(DATASET EXTRACT)
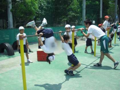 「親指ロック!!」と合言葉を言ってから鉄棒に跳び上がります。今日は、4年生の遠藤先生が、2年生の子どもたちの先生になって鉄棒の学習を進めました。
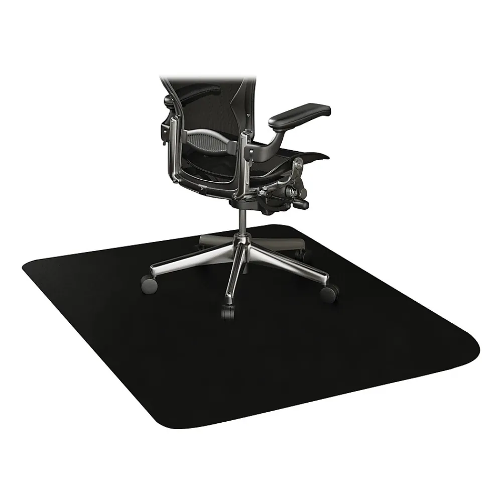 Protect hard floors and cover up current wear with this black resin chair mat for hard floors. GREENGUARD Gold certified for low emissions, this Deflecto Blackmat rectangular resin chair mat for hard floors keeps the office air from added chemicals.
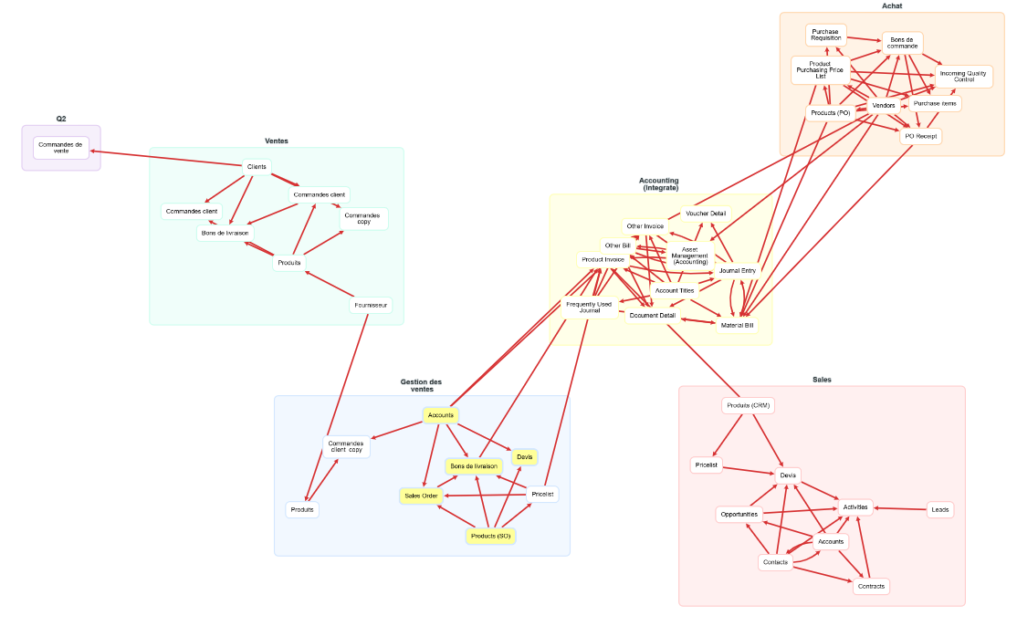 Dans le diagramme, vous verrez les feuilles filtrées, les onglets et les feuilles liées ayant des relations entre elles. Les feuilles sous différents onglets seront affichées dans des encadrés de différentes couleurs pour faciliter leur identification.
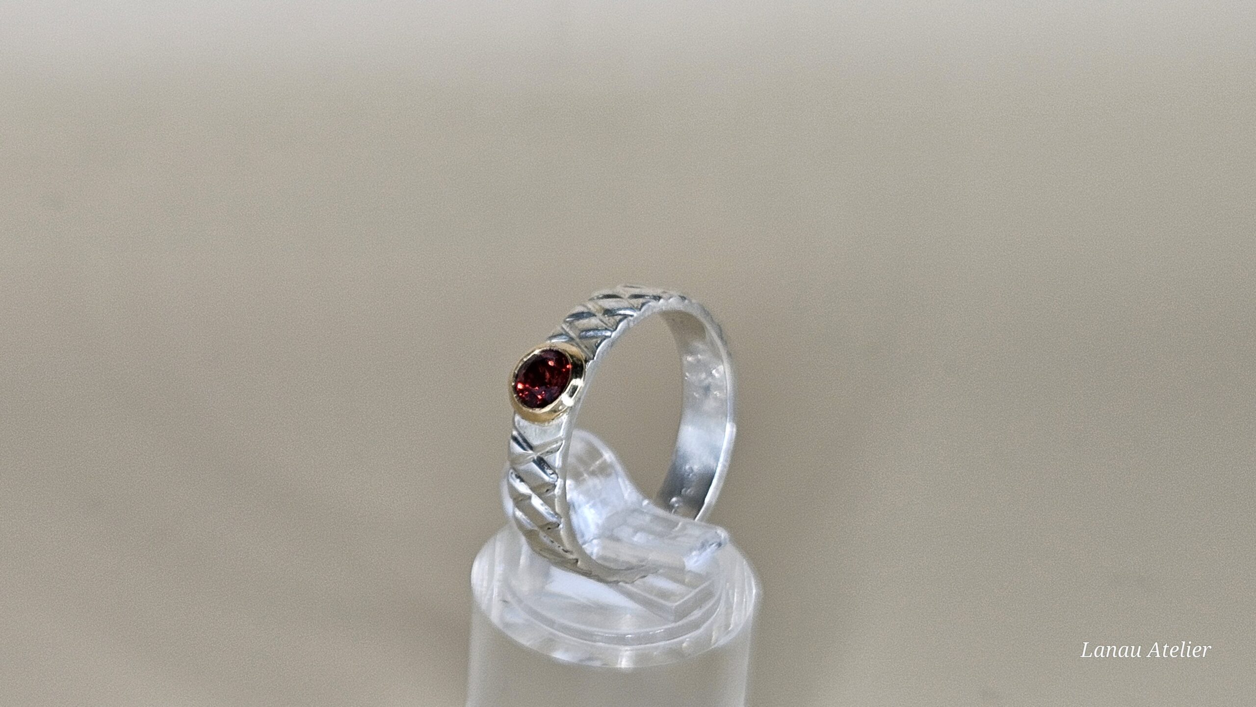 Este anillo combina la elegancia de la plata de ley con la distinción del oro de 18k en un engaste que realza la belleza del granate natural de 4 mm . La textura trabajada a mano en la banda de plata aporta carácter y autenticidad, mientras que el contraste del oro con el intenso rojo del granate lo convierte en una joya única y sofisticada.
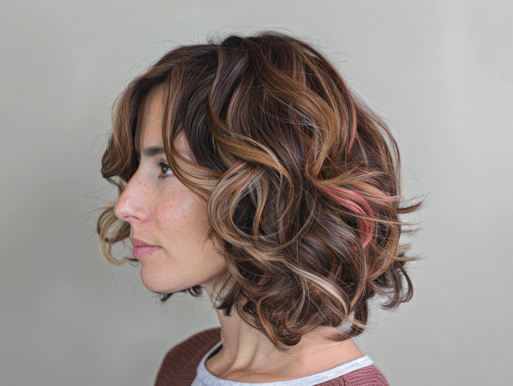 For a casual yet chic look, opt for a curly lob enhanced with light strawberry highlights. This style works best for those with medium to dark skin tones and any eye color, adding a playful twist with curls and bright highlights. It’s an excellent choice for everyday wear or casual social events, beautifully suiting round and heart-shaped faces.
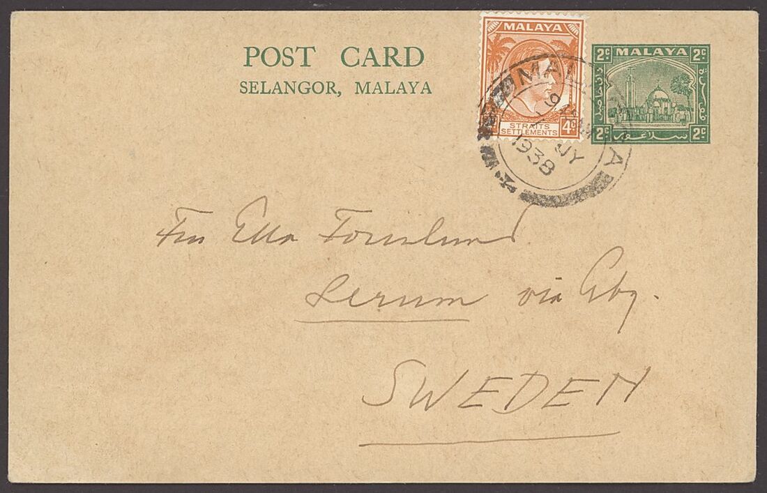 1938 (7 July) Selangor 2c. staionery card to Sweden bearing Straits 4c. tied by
(End DATASET EXTRACT)
WHAT IS EXPECTED:
The answer should be an exact restatement of every entry, with the pictures omitted.

EXERCISE OUTPUT:
 「親指ロック!!」と合言葉を言ってから鉄棒に跳び上がります。今日は、4年生の遠藤先生が、2年生の子どもたちの先生になって鉄棒の学習を進めました。
 Protect hard floors and cover up current wear with this black resin chair mat for hard floors. GREENGUARD Gold certified for low emissions, this Deflecto Blackmat rectangular resin chair mat for hard floors keeps the office air from added chemicals.
 Dans le diagramme, vous verrez les feuilles filtrées, les onglets et les feuilles liées ayant des relations entre elles. Les feuilles sous différents onglets seront affichées dans des encadrés de différentes couleurs pour faciliter leur identification.
 Este anillo combina la elegancia de la plata de ley con la distinción del oro de 18k en un engaste que realza la belleza del granate natural de 4 mm . La textura trabajada a mano en la banda de plata aporta carácter y autenticidad, mientras que el contraste del oro con el intenso rojo del granate lo convierte en una joya única y sofisticada.
 For a casual yet chic look, opt for a curly lob enhanced with light strawberry highlights. This style works best for those with medium to dark skin tones and any eye color, adding a playful twist with curls and bright highlights. It’s an excellent choice for everyday wear or casual social events, beautifully suiting round and heart-shaped faces.
 1938 (7 July) Selangor 2c. staionery card to Sweden bearing Straits 4c. tied by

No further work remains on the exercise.